By Stephanie McCrummen
Washington Post Foreign Service
Saturday, August 30, 2008
KISUMU, Kenya, Aug. 29 -- The few people awake before sunrise here Friday all seemed to be at the Camel's Joint Hotel, a low-ceilinged 24-hour cafe with neon lights, an open-pit grill and two posters of Sen. Barack Obama smiling down on rows of white Formica tables.
The early crowd included a couple of waiters, a couple of cooks and a couple of customers -- an electrician and a union official who had both just arrived from Nairobi on a big orange bus that was still idling in the dark streets outside. They sipped their morning tea.
Kevin Omondi, a 20-year-old waiter, wiped the previous night's chicken grease off the other tables, and around 5 a.m. (10 p.m. in Washington), they all began half-watching the restaurant's three televisions. Each set was tuned to live coverage of the Democratic National Convention in Denver, where Obama, whose late father was from Kenya, was about to accept his party's nomination for U.S. president.
With the TV volume off, the red-white-and-blue images from Denver were scored for a moment by merengue-esque traditional music blaring from a cafe radio.
As Obama's biography began airing, Omondi turned the music down and the TV volume up, and soon, a kind of spell seemed to settle over the cafe. He stopped wiping the tables and stood under one of the sets, hands in the pockets of his too-big pants. The cafe went quiet as Obama's voice began narrating his complex life story.
"His mother," Omondi said, pointing to the image of Obama's mother flashing on the screen.
"His father," he said brightening, pointing to a two-second image of Obama's father, who comes from this region of wispy green sugar cane fields along the humid edges of Lake Victoria.

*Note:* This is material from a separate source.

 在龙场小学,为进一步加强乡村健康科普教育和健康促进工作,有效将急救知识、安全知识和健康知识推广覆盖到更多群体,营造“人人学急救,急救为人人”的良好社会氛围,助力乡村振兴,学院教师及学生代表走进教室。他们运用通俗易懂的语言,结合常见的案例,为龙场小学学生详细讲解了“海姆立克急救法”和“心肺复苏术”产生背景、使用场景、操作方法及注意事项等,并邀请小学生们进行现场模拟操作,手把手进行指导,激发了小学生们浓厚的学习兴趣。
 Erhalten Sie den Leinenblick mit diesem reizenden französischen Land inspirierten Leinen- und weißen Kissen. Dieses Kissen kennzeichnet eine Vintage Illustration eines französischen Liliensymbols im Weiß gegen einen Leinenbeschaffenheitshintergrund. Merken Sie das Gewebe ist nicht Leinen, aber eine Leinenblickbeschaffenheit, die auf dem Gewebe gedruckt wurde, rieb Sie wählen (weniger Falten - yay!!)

Kisumu is the bustling, struggling provincial capital, a city of two-story buildings with markets under old white archways. It is also the informal capital of Kenya's Luo tribe -- Obama's father was Luo -- a group that has felt politically marginalized for decades.
And so perhaps more than anywhere, Kenyans here have been captivated by Obama's candidacy. It is possible to buy Obama mugs and Obama watches in Kisumu. His name is on a secondary school, and his smiling face hangs where that of the Kenyan president might be.

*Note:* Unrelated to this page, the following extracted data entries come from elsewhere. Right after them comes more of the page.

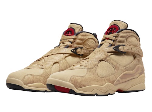 It’s been a couple of months since images of the Hachimura Air Jordan 8 first surfaced, but the shoe’s thoughtful details have made it worth the wait. Appearing in a beige color scheme, the base of the upper is dressed in a smooth “Sesame” shade, while the overlays appear in cracked leather. Bright red accents hit the tongue, heel tab, and part of the outsole.
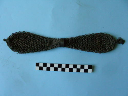 A doppia tasca, con apertura centrale e doppio anello a spirale per la chiusura. Costituito da maglia intrecciata, ad anelli di diametri differenti.
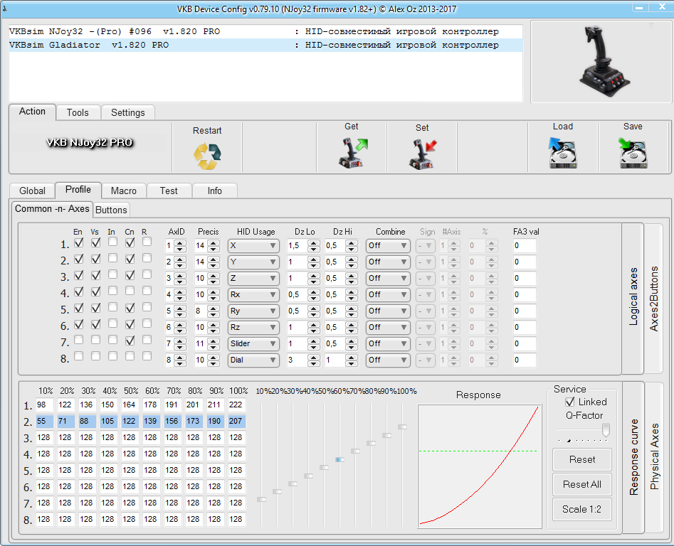 Какой программой можно кривые отклика (не мертвые зоны) осей в Гладиатор Про мк2 изменять.
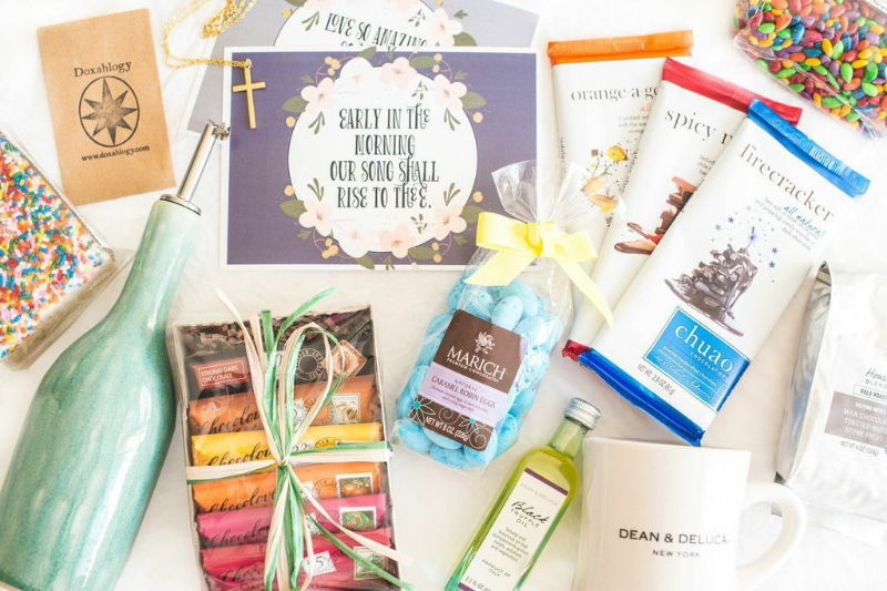 Some of the items in this basket are from Dean & Deluca - a gourmet grocery store in NYC that originated in SoHo (where I could easily double my weight in if given enough time). This place is brimming with epicurean delicacies like fresh pastries, macaroons, pastas, oils, and everything delicious that you can imagine. Other items come from Peppercorn in Boulder, CO- a retail potpourri on Pearl Street focusing on kitchen, bath and home accessories (I’ve spent hours there on multiple occasions). I threw in my hands-down favorite chocolate I've ever eaten from Chuao Chocolatiere in San Diego, CA, and some beautiful Hymn cards from Magnolia Market. There's also a custom made cross necklace from my sweet friend at Doxahlogy here in Nashville.
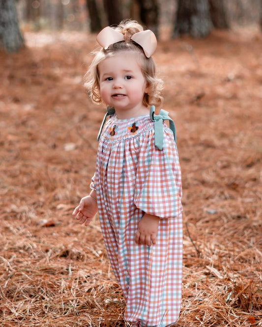GINGHAM TURKEY SMOCK GIRL ROMPER

Many people here have high -- and rather specific -- expectations of a potential Obama presidency. On Omondi's list: scholarships and easier visas for Kenyans, business deals with Kenyan companies, and it wouldn't hurt, he said, if Obama helped promote tourism.
Mostly, though, the senator's appeal here is not unlike his appeal to some in the United States. Among other things, he represents the possibility of a society in which ideas matter more than race.

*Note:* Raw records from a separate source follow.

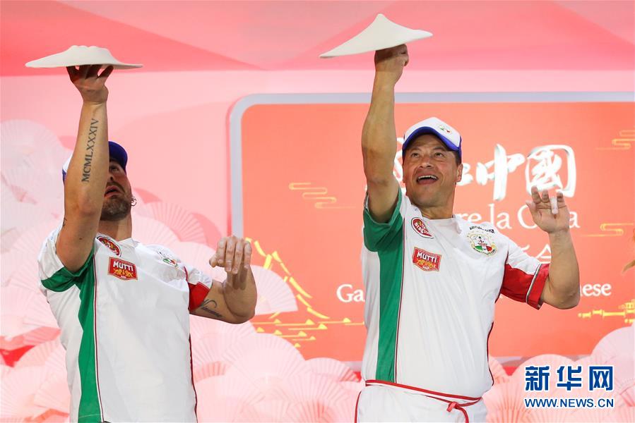 3月21日,在意大利罗马,意大利国家披萨杂技团演员在“感知中国”中意友好音乐会上表演。新华社记者 郑焕松 摄
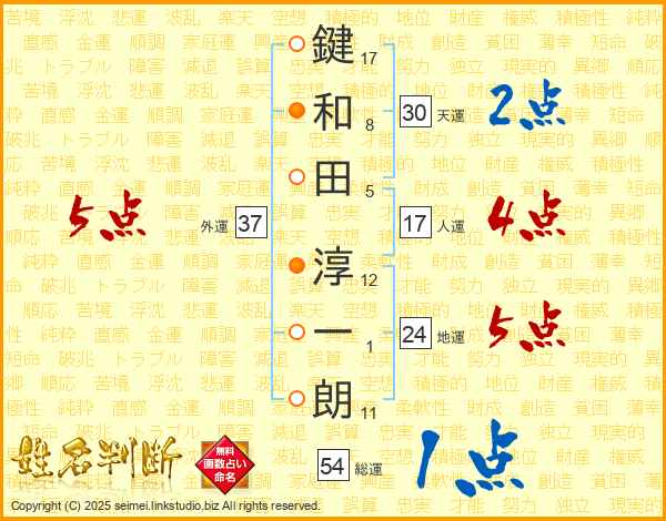 鍵(17画)和(8画)田(5画) 淳(12画)一(1画)朗(11画)
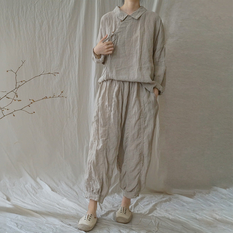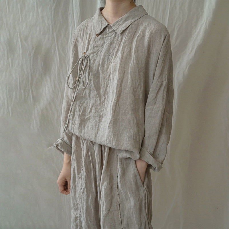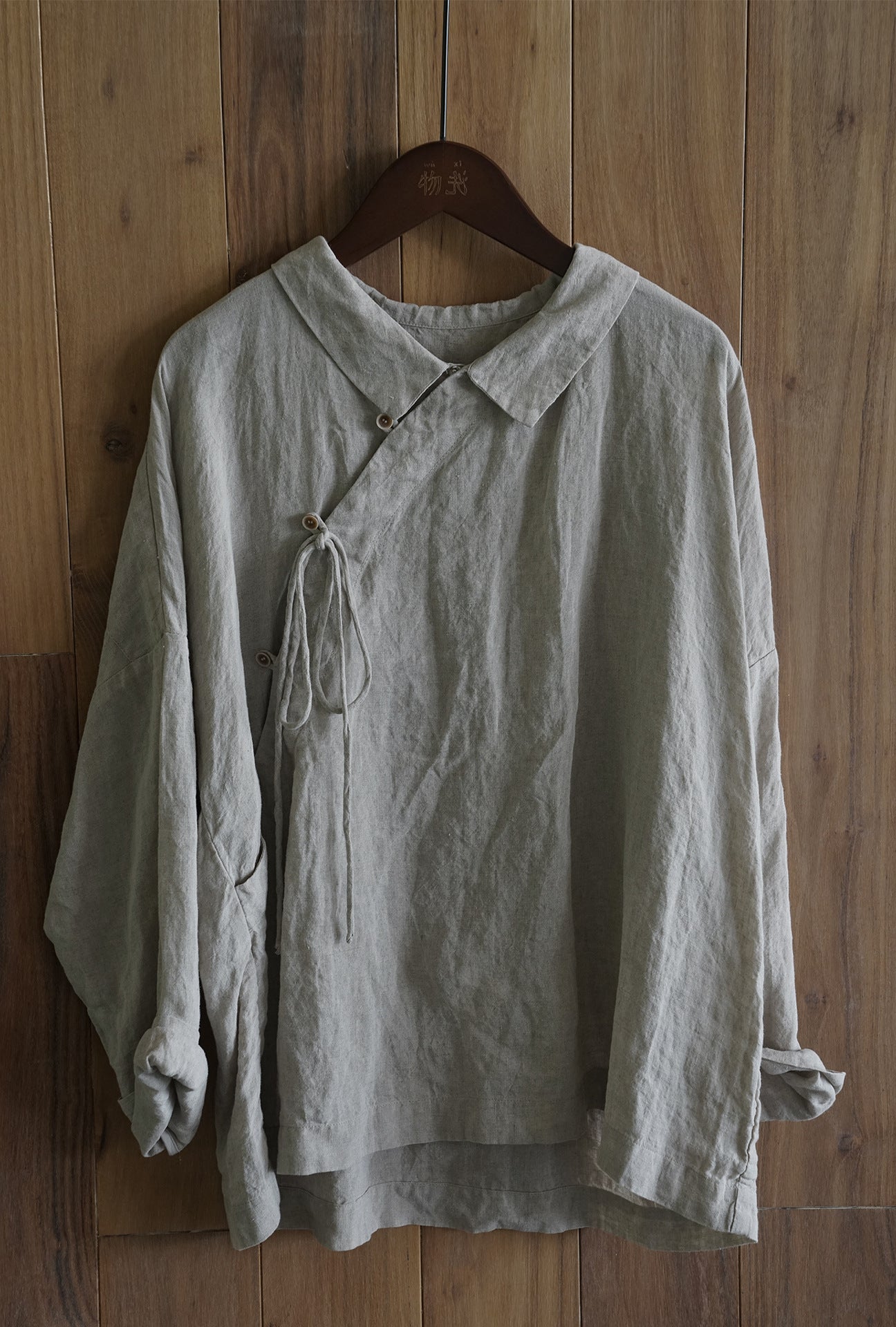 retro literary lapel slanted rain and dew hemp shirt, casual light Chinese natural hemp top S22262
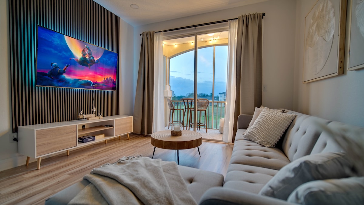 ✨ 7 Minutes to Disney • Sleeps 4 • Pool, Gym, Balcony Modern 1BR resort condo 7 mins from Disney. Sleeps 4 with king bed + sofa sleeper. Walkable to shops & short drive to all major parks. Enjoy a full kitchen, WiFi, Smart TVs, private balcony with nightly fireworks, resort pool, 24/7 gym, and in-unit laundry. Perfect for families, couples, or remote work stays.
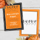 Cette façade de carte à plat en modèle noir et blanc sur un arrière - plan orange et noir est une invitation amusante à la fête d'Halloween. La bordure supérieure a des squelettes dansants.La conception de squelette correspondant centré sur le dos sur un arrière - plan orange. Personnalisez le texte modèle de votre partie, supprimez le texte ou cliquez sur customiser pour sélectionner le style, la taille et la couleur de la police que vous souhaitez.

"The equality people have been talking about, we are seeing it now," said Walter Odum, 36, an engineer. "It would be a historic change to have a black American president."
On the televisions at the Camel's Joint Hotel, the convention-night biography skipped quickly past Barack Obama Sr., to stories of Obama's mother waking up at 4 a.m. to tutor her son and to glittering images of Chicago.
Omondi didn't seem to mind. "Do you see that place?" he asked no one in particular, looking at the far-away city.
When Obama finally appeared on the stage, Omondi was fetching coffee for the trade union official, Kefa Olala, who was sitting with a friend, a suitcase at their feet.
"Thank you! Thank you!" Obama yelled to the crowd in Denver, and in a way, to the people sitting and milling about the cafe at 5:20 a.m. As Obama officially accepted the nomination for president, Olala smiled and shook his head in amazement.
"Obama is the best!" one of the cooks yelled from the kitchen, as the senator spoke about dignity, respect and being his brother's and sister's keeper. "Do you think he will win?" asked Anthony Mwangi, 33, the electrician. "Is it possible?"
"You know, some people believe the White House was made for white people," he added.
As Obama moved onto health care, Omondi retreated to a corner and sat on a white plastic chair to watch one of the TVs. He was the one who had hung the Obama posters a few months back "to encourage people," he said. "To make people feel they are more respected, because he could be the first African president elected in that country."
Omondi works most days at the cafe, he said, and as the first born of five children, takes his earnings every Saturday to his parents, who are farmers. As Obama got around to Iraq and Iran, Omondi was tired.
When the senator from Illinois finished his historic speech, the young waiter from Kisumu was asleep in the chair.